One hundred and one patients (mean age 33·3 years) with features suggestive of CHIKV infection and positive for either IgM ELISA or RT-PCR were enrolled in the present study. Another 104 samples were obtained from apparently healthy subjects (mean age 31·6 years) who did not have any clinical features of CHIKV infection. Healthy controls who were negative for IgG antibodies against CHIKV and reported no symptoms were included in the study. Both Patients and Controls were living in the same geographical location and belonged to mixed ethnic groups.
Serology
Presence of anti-CHIKV IgM/anti-DENG antibody was tested by an IgM capture ELISA developed by National Institute of Virology, Pune, India.13 Healthy control samples were screened for the presence of IgG antibodies against CHIKV by NovaLisa™ (chikungunya virus IgG capture ELISA Nova Tec Immundiagnostica GmbH, Germany). The ELISA was performed and results were interpreted as per the manufacturer's instructions. As Rangat is known to be an endemic area for leptospirosis31 all the samples were tested for anti-leptospiral antibodies by using an in-house developed Latex agglutination test at Regional Medical Research Centre.
RNA extraction and RT-PCR
RNA was extracted from 140-µl ELISA-negative samples using a QIAamp Viral RNA Minikit (Qiagen, Inc., Valencia, CA) following the manufacturer's instructions. A high-capacity cDNA reverse transcription kit (Applied Bio-systems, Foster City, CA) was used following the manufacturer's instructions. Previously published32 primer sets were selected to amplify the non-structural protein 1 (NSP1) and envelope glycoprotein 1 (E1) genomic regions of the CHIKV genome. The PCR was carried out following a Taq polymerase activation step of 94° for 2 min, 40 cycles of PCR (94° for 60 seconds, 55° for 60 seconds, and 72° for 2 min for each cycle), and a final extension at 72° for 10 min. Amplified PCR products were electrophoresed in 1% agarose gel to confirm the presence of the expected bands of the genes nsP1 and E1 with sizes of 354 and 294 bp, respectively.

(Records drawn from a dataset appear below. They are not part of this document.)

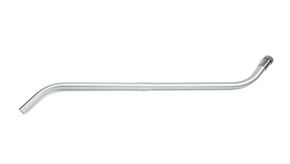 Double bend, one-piece aluminum vacuum cleaning wand for industrial vacuums.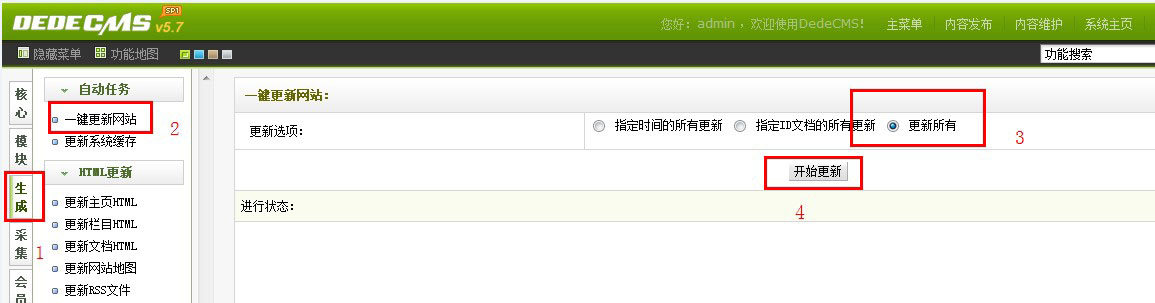答:因为后台使用PHP语言开发,而前台显示需要HTML语言,因此需要在左侧菜单栏中找到【生成】 -> 【一键更新网站】 -> 【更新所有】或者栏目、内容页即可。
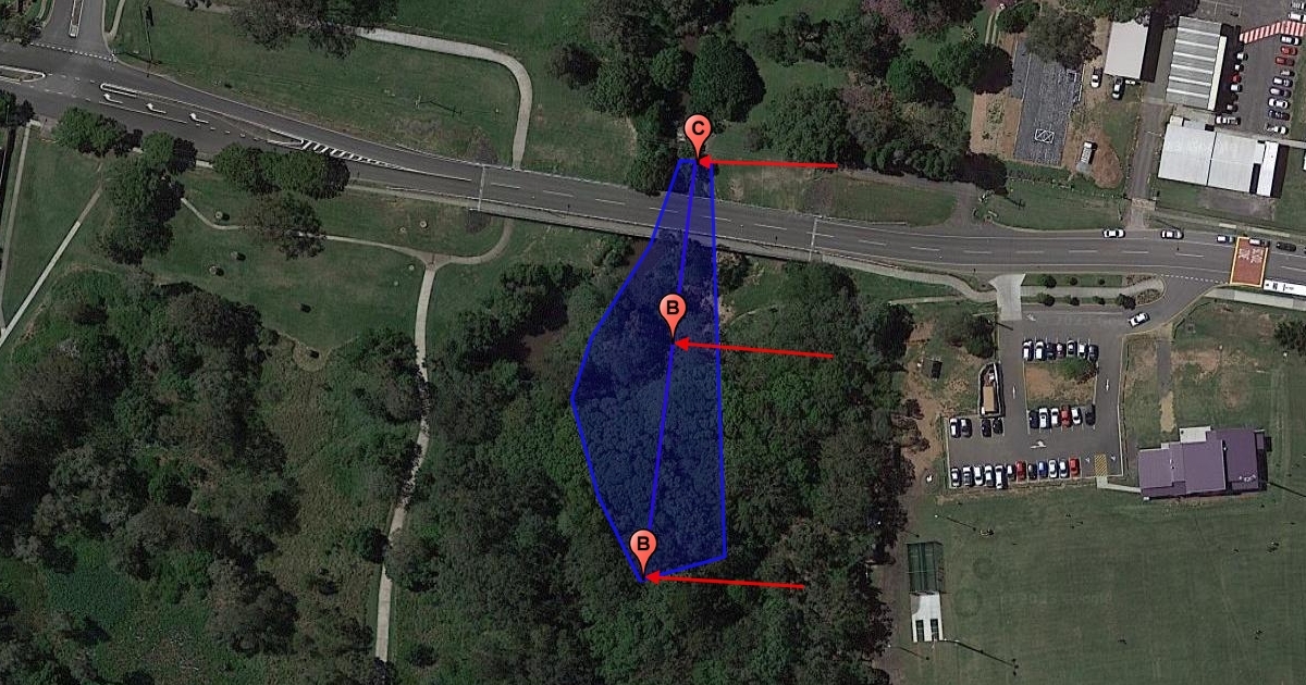 The site is a 100m long transect with three assessment points ('a', 'b', 'c'). The width of the transect equals the width of the riparian corridor.

DNA extraction and HLA typing
DNA was extracted from anti-coagulated blood samples from the patients and healthy controls using the QIAamp DNA blood Midi Kit (Qiagen, Manchester, UK) following manufacturer's instructions. DNA was eluted in 300 µl elution buffer. Genotyping of HLA class II (DRB1 and DQB1) alleles was performed as previously described using PCR with sequence-specific primers (PCR-SSP) described in refs 33,34 and 33,34, respectively. All healthy control samples were processed (n = 104) for both DRB1 and DQB1 typing and 101 patient samples were used for DRB1 typing, whereas only 94 patient samples were available for DQ typing.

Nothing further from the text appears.